TASK :: Of the material below, the lines to be retyped are those from the line containing "小众麂皮绒复古枕头包包女2025新款时尚百搭斜挎包通勤手提圆筒包" through the line containing "La villa si", inclusive; reproduce them exactly.

SOURCE DATA ::
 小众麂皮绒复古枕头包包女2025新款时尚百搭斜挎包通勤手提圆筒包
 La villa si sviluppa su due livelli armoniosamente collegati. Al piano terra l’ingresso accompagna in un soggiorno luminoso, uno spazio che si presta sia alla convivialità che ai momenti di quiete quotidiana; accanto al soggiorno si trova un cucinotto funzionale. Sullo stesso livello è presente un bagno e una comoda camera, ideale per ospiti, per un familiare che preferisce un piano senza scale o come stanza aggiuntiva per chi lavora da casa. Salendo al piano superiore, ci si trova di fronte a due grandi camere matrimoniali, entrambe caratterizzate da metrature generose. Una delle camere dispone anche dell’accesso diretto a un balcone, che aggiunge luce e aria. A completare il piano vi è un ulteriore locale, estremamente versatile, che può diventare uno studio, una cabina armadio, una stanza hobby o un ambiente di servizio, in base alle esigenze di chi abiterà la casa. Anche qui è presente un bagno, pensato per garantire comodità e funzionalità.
==
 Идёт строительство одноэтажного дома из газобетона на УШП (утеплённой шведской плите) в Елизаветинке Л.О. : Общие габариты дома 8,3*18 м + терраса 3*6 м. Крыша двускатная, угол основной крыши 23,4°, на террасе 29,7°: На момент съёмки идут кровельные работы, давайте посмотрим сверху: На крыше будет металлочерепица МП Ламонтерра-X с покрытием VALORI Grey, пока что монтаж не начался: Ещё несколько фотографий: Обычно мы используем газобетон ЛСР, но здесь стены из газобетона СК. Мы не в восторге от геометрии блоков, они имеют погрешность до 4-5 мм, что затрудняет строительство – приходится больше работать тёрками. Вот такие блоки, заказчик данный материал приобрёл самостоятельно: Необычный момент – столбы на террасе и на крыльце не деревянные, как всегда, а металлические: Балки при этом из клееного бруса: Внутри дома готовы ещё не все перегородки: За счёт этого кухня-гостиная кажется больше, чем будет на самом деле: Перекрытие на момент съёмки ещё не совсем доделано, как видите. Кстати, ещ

SOLUTION TO THIS EXERCISE ::
 小众麂皮绒复古枕头包包女2025新款时尚百搭斜挎包通勤手提圆筒包
 La villa si sviluppa su due livelli armoniosamente collegati. Al piano terra l’ingresso accompagna in un soggiorno luminoso, uno spazio che si presta sia alla convivialità che ai momenti di quiete quotidiana; accanto al soggiorno si trova un cucinotto funzionale. Sullo stesso livello è presente un bagno e una comoda camera, ideale per ospiti, per un familiare che preferisce un piano senza scale o come stanza aggiuntiva per chi lavora da casa. Salendo al piano superiore, ci si trova di fronte a due grandi camere matrimoniali, entrambe caratterizzate da metrature generose. Una delle camere dispone anche dell’accesso diretto a un balcone, che aggiunge luce e aria. A completare il piano vi è un ulteriore locale, estremamente versatile, che può diventare uno studio, una cabina armadio, una stanza hobby o un ambiente di servizio, in base alle esigenze di chi abiterà la casa. Anche qui è presente un bagno, pensato per garantire comodità e funzionalità.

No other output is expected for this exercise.